### Problem requirements:
Set out exactly every line of the entries below, starting at the line that holds "한국 VIVID 남성" and stopping after the line that holds "来自的 2025 年主要新势力车企销量目标完成表,看下来只有小鹏、零跑、小米成功了。26".

### Recorded data:
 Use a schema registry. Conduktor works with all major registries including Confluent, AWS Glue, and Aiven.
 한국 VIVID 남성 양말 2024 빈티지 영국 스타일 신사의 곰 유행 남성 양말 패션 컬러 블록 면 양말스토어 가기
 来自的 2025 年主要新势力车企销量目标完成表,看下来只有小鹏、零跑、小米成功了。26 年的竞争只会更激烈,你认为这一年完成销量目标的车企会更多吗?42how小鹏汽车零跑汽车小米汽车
==
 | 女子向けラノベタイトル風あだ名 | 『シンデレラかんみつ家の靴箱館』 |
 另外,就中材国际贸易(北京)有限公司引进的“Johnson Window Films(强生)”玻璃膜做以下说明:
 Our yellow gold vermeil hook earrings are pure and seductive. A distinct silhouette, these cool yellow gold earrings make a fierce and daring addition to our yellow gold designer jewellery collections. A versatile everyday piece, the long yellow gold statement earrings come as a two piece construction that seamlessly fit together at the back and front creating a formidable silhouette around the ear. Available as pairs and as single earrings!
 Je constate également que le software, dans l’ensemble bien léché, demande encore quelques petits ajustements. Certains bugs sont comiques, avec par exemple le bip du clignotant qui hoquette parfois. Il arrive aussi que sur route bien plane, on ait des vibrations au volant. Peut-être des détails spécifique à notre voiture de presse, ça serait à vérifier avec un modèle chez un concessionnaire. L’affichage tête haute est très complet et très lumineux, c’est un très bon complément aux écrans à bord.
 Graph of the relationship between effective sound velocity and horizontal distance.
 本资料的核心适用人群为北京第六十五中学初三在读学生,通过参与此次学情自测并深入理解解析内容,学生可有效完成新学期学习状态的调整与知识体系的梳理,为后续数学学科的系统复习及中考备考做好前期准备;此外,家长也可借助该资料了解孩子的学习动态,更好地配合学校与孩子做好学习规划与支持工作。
==
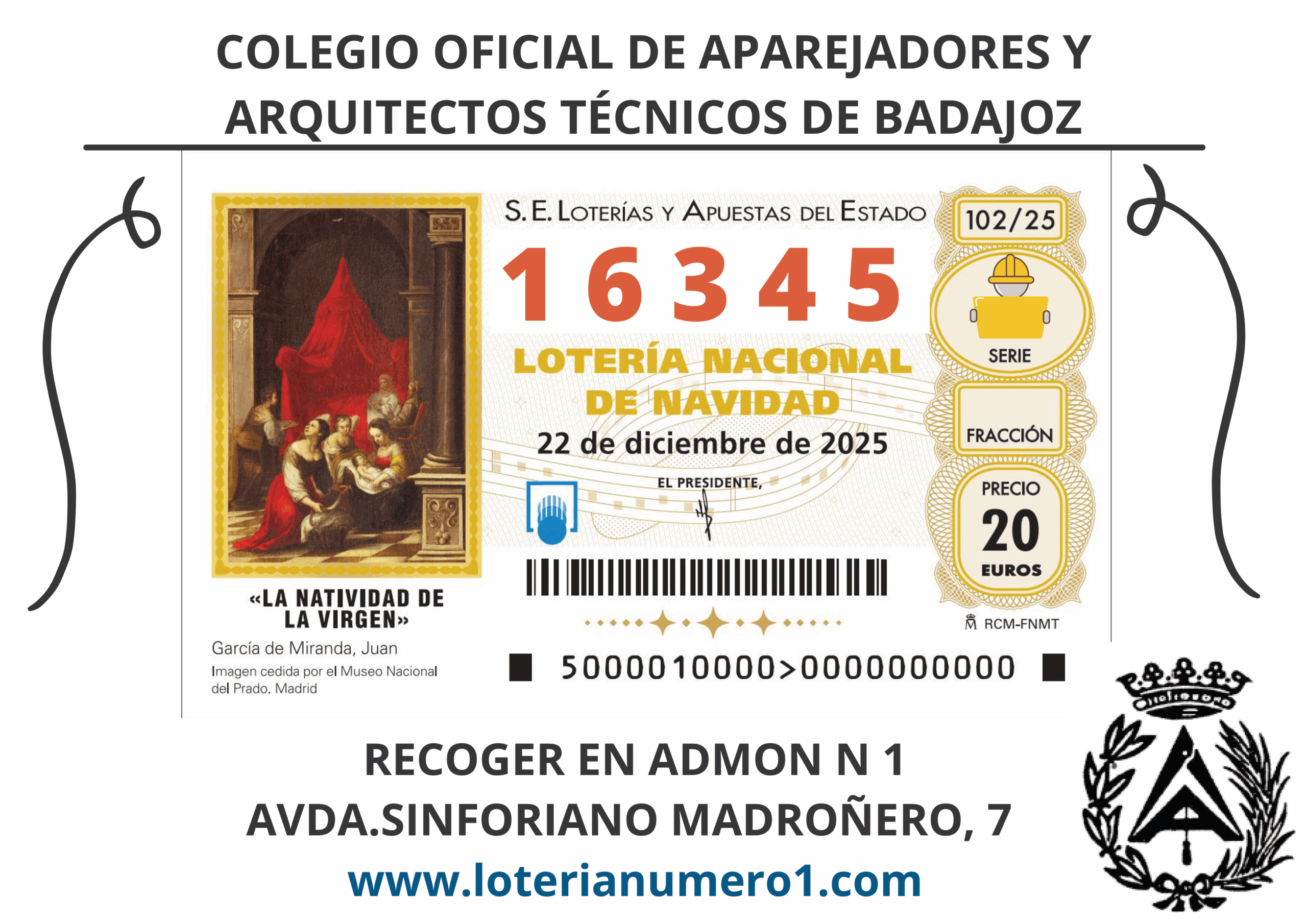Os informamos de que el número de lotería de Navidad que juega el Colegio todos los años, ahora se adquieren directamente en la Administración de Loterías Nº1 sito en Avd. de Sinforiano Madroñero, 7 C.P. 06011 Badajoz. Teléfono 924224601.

### Output of the task:
 한국 VIVID 남성 양말 2024 빈티지 영국 스타일 신사의 곰 유행 남성 양말 패션 컬러 블록 면 양말스토어 가기
 来自的 2025 年主要新势力车企销量目标完成表,看下来只有小鹏、零跑、小米成功了。26 年的竞争只会更激烈,你认为这一年完成销量目标的车企会更多吗?42how小鹏汽车零跑汽车小米汽车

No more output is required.